Faith of the Fallen (Sword of Truth 6)
Page 22
“As we marched into the city, the wagon with Ann’s cage never showed up,” Sister Georgia went on. “One of the drivers finally came around with a bloody head and reported that the last thing he saw before the world went dark was Sister Alessandra. Now the two of them are gone.”
Nicci felt her fingernails digging into her palms. She made herself relax her fists. “So, Ann offered you all freedom, and you chose instead to continue to be slaves.”
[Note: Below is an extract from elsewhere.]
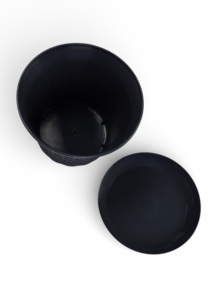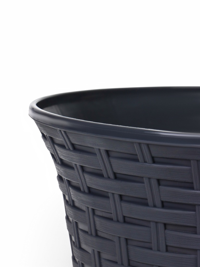 Кашпо для цветов «Ротанг», 6.1 л, d=25.5 см, h=18.9 см, пластиковое, с поддоном, серое

The three women lifted their noses. “We did what is best for everyone,” Sister Georgia said. “We are Sisters of the Light. Our duty is not to ourselves, but to relieve the suffering of others—not cause it.”
“Besides,” Sister Aubrey added, “we don’t see you leaving. Seems you’ve been free of His Excellency from time to time, and you don’t go.”
Nicci frowned. “How do you know that?”
“Well, I, I mean…” Sister Aubrey stammered.
Nicci seized the woman by the throat. “I asked you a question. Answer it.”
Sister Aubrey’s face reddened as Nicci added the force of her gift to the grip. The tendons in her wrist stood out with the strain. The woman’s eyes showed white all around as Nicci’s power began squeezing the life from her. Unlike Nicci, Jagang possessed their minds, and they were prohibited from using their power except at his direction.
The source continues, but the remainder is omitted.